А торговец подумал — и сбавил цену на быструю лошадь.
Пусть эта притча и нас заставит задуматься. Не о лошадях и ценах. О писательском профессионализме.
Писатель Феликс Кривин когда-то метко заметил, что всем силам на свете противостоит одна-единственная сила: сила инерции.
Если говорить о писательской работе (да и не только о ней), можно сказать, что она является полем противоборства двух обобщённых сил. Сил, которые различаются всего лишь на одну букву, или даже на звонкость звука. Одна из этих сил — та, о которой высказался Кривин, — сила инерции, сила ТОРМОЖЕНИЯ. Другая — сила пробуждения, сила ТОРМОШЕНИЯ.
Всё, что нас притупляет, пригашает, давит на низменные стороны человеческой натуры, отдаёт во власть инерции, во «власть тьмы», — всё это разновидности силы торможения.
Всё, что нас высветляет, одухотворяет, пробуждает и побуждает к разгадке и осуществлению своего призвания, — это импульсы силы тормошения.

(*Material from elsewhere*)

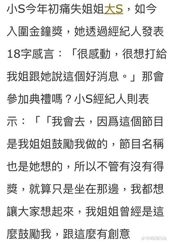 台媒对此事进行了跟踪报道,小S在获得提名后也非常激动,直言想打个电话,把这个好消息告诉姐姐大S。经纪人接受采访时表示,不管有没有得奖,就算只是坐在那边,都想让大家想起大S曾经是这么鼓励自己。

Пишущему человеку всегда приходится выбирать, сознательно или бессознательно, между этими двумя силами. Какой из них он позволяет действовать в собственной душе? Какой из них способствует, обращаясь с письменной речью к другому человеку, к людям?

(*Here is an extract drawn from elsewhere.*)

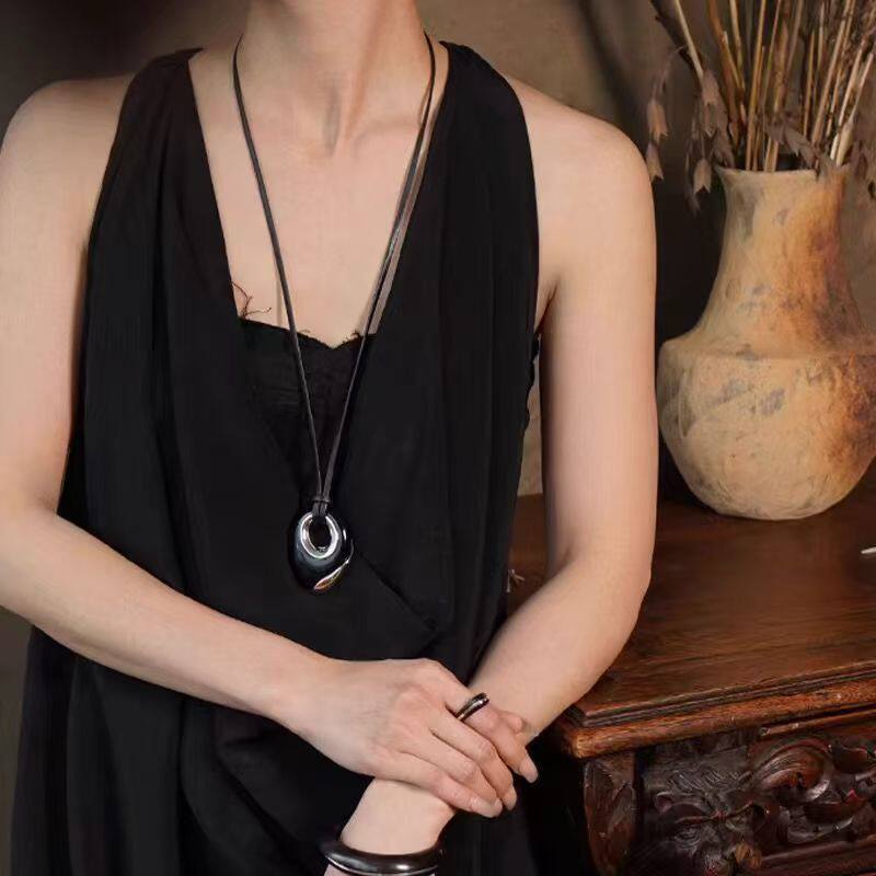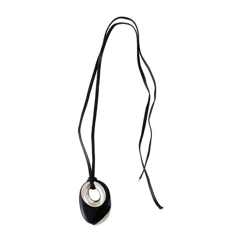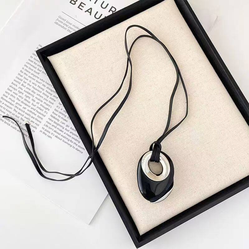 轻奢黑色圆形吊坠皮绳长款项链女小众设计高级感2025年新款毛衣链

Это притча о том, какие материальные выгоды сулит писательская деятельность. И стоит ли завидовать преуспевающим писателям. Как свойственно притче, она заострена до предела и поэтому может показаться слишком жёсткой. Но она работает на тормошение, чем и ценна для нас.
Верблюжонок и ослёнок жаловались своим родителям:
— Вон как хорошо кормят ячменём поросят, а нас отгоняют прочь, и мы всё время голодны.

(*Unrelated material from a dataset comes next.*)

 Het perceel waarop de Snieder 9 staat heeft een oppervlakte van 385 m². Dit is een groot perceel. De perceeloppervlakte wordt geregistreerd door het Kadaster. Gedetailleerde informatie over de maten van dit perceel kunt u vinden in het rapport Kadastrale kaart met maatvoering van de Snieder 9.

— Не завидуйте, — отвечали им взрослые, — придёт время, когда вы их пожалеете.
Наступила зима, и однажды верблюжонок и ослёнок услышали отчаянный визг.
— Что случилось? — спросили малыши у родителей.
Те повели их и показали освежёванные свиные туши.
Тогда верблюжонок и ослёнок повалились на землю, задрали копытца и закричали:
— Ой, посмотрите, не пристало ли к нашим ногам хоть одно зёрнышко ячменя! Если пристало, снимите сейчас же!..
Когда человек начинает писать, какие слова и обороты приходят в первую очередь ему на ум? Те, которые он читает и слышит
чаще всего. Которыми полны повседневные разговоры, реклама, газеты, телевизор и радио...
Это первый, самый доступный языковый, лексический слой. Он не просто легко достижим, но даже навязчив: затасканные сентенции, обрывки фраз, эпитеты и словечки сами лезут в голову, когда пытаешься выразить что-то на бумаге. Они цепляются за мысли крючками ассоциаций, терпеливо пульсируют в ожидании того, что ты воспользуешься их дешёвыми услугами, выпячивают свои достоинства: мы совсем рядом, мы всем известны, всем понятны!..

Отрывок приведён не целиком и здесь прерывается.